Mr. Dawson: On the hon. Gentleman's tour of schools in his constituency, did he take any time to quantify the amount of capital investment that had been put into their facilities?

Mr. Mitchell: Of course. The hon. Gentleman heard me refer to the 79 funding streams, all of which represent extra money available for schools. If he listens carefully to what I am saying, however, he will realise that I am pointing out the difficulties inherent in the way that the Government have looked after education.

I shall pass over the A-levels fiasco of this summer to mention briefly the issue of top-up fees. I believe that top-up fees are a truly appalling proposition. I went along with the Conservative Government over student loans with a certain heaviness of heart. I can tell my party's Front Bench, however, that there are no circumstances in which people like me will support top-up fees. At the last election, we had an excellent policy of endowment funds, which perhaps will not be possible next time. Another way must be found, however—I look forward to returning to the matter in the future—instead of seeking to charge students top-up fees, which is absolutely outrageous.

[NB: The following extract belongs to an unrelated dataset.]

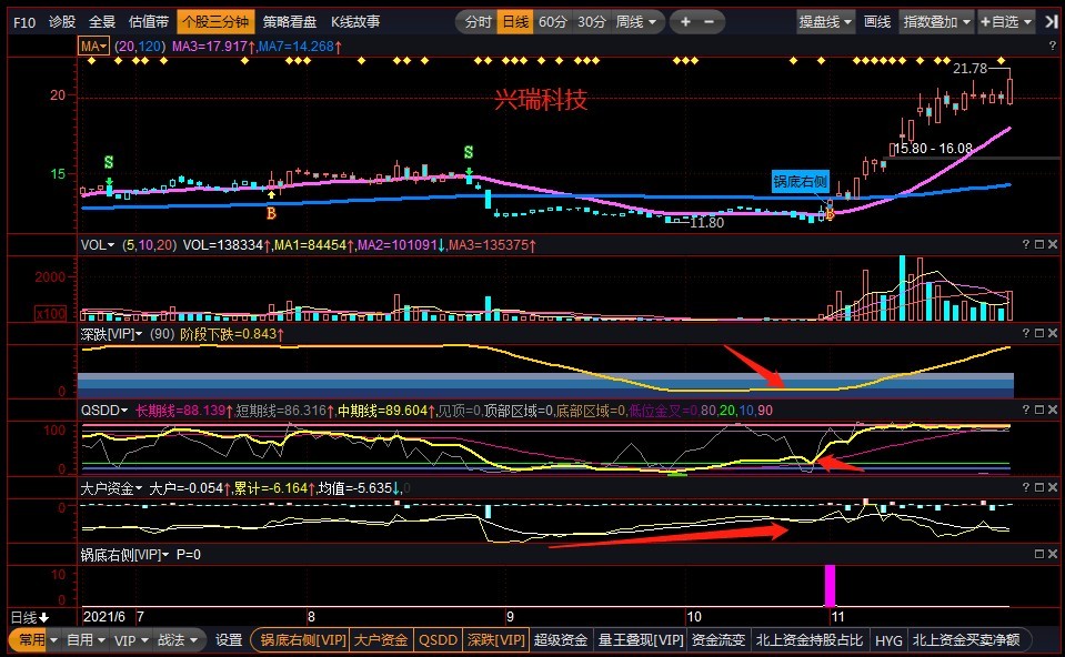 同日触发锅底右侧的兴瑞科技(18.25,-2.41%,13.5)也类似,深跌[VIP]指标进入超跌区间、QSDD短期线上穿中长期线、大户资金呈持续流入,其后出现了一波可观的波段行情:

As has been made clear, the public services are central to political debate, but they are the rock on which the Government will founder. The Prime Minister is very fond of saying that he understands the problem and is getting on with the remedy. Nearly six years have passed, however, with precious little effect and precious little reform. The Government are discovering the hard way that top-down reform will simply not work. The truth is that we have had massive tax increases, but we wait in vain for the improvement.

I should have thought that one of the problems that preoccupies this Government more than most is pensions. In 1997, when the Conservative Government left power, pension provision in this country was the envy of Europe, but as the highly respected Pensions Institute said this week:


In the face of these difficulties, the Government appear to be caught like a rabbit in headlights.

David Taylor: The hon. Gentleman refers to the Xadmittedly poor" state pension system. Can he recall whether the decoupling of the state pension from pay in the economy took place under a Conservative Government? And was it not the Government led by the noble Baroness Thatcher, as she now is?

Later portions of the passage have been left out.